State bailout of local pension funds would bring Illinois pension debt to $200B

Adam Schuster

Senior Director of Budget and Tax Research

Adam Schuster
September 10, 2019

State bailout of local pension funds would bring Illinois pension debt to $200B

Bailing out local governments’ underwater pension funds would exacerbate Illinois’ pension debt, inviting tax hikes on middle class Illinoisans.

If the state of Illinois bails out local pension funds, its total pension debt would grow to $200 billion, up from $137 billion today.

Chicago Mayor Lori Lightfoot has already floated the idea of a state bailout of Chicago pensions. But a bailout of local pension debt – Chicago included – would cause the state’s already massive annual budget deficits to explode, with pension contributions spiking by nearly 56%, or $5.67 billion, in fiscal year 2021. This would inevitably trigger tax hikes.

Illinois already spends more than 25% of its revenues on total pension costs.

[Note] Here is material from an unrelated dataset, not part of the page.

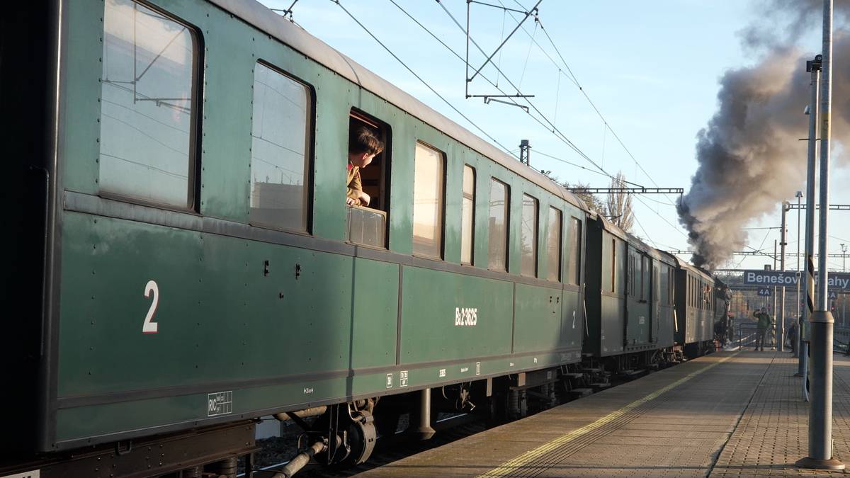 Jízda historického parního vlaku z Prahy do Českých Budějovic v rámci vzpomínkové akce Konečně doma!

The state simply cannot afford to add local pension costs to the burden.

Official estimates currently peg Illinois’ combined local pension debt at around $63 billion, the majority of which is held by Chicago-related systems at $42 billion – making the city’s pension debt burden worse than that of 44 U.S. states.

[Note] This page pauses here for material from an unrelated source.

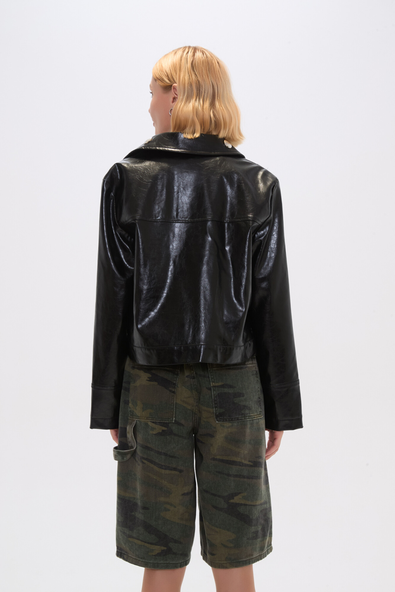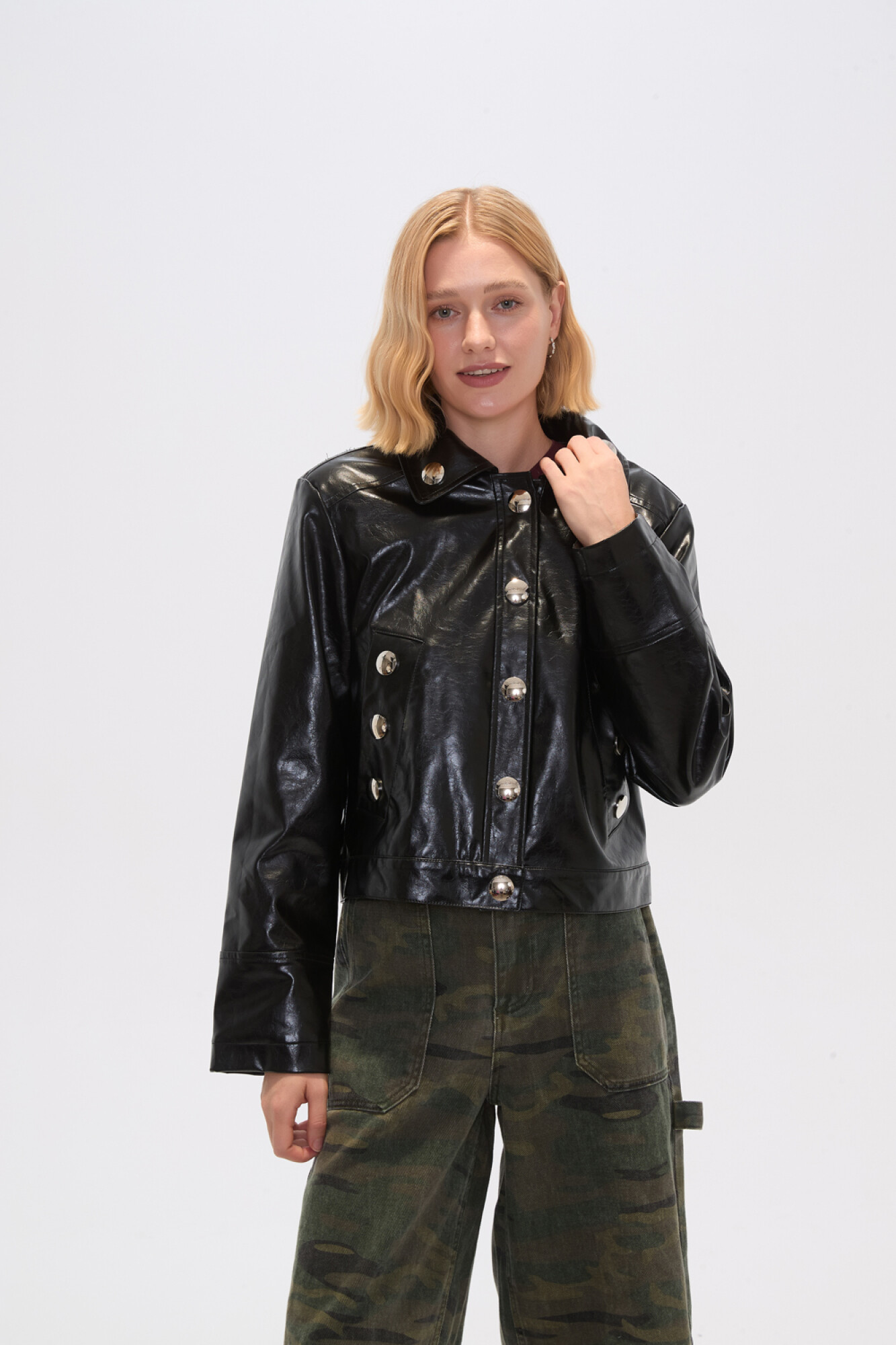 Nuevos Recibilo en Chaqueta eco-cuero, con botones, con tachas y cuello camisa

Gov. J.B. Pritzker declined Lightfoot’s pension bailout request back in July. It’s not hard to see why: Illinois’ pension debt-to-revenue ratio – one gauge of a state’s ability to repay debt – is over 600%, the worst in U.S. history.

Moreover, pension debt is the primary reason Illinois’ credit rating remains the worst in the nation. A bailout would almost certainly lead to a credit downgrade and further increase the cost of borrowing.

Some have suggested consolidation of pension funds and boards as a solution to the pension crisis. Consolidating pension funds can help make them more efficient, save some money on administrative fees to asset managers and potentially help the funds achieve higher asset returns. However, the prospect of consolidation also comes with risks. First, lawmakers could attempt to sell consolidation as a silver bullet solution when the reality is it would be only a small step in the right direction that does nothing to solve the underlying debt problem. Second, consolidation would likely be used as cover for a state bailout of local pension funds.

Soaring pension costs have impaired Illinois’ ability to invest in core services that residents value. Adding local pension costs to that burden is simply not feasible. Instead, Springfield must control those costs by leading the state toward constitutional pension reform that protects earned benefits while allowing reasonable adjustments to the growth of future, unearned benefits.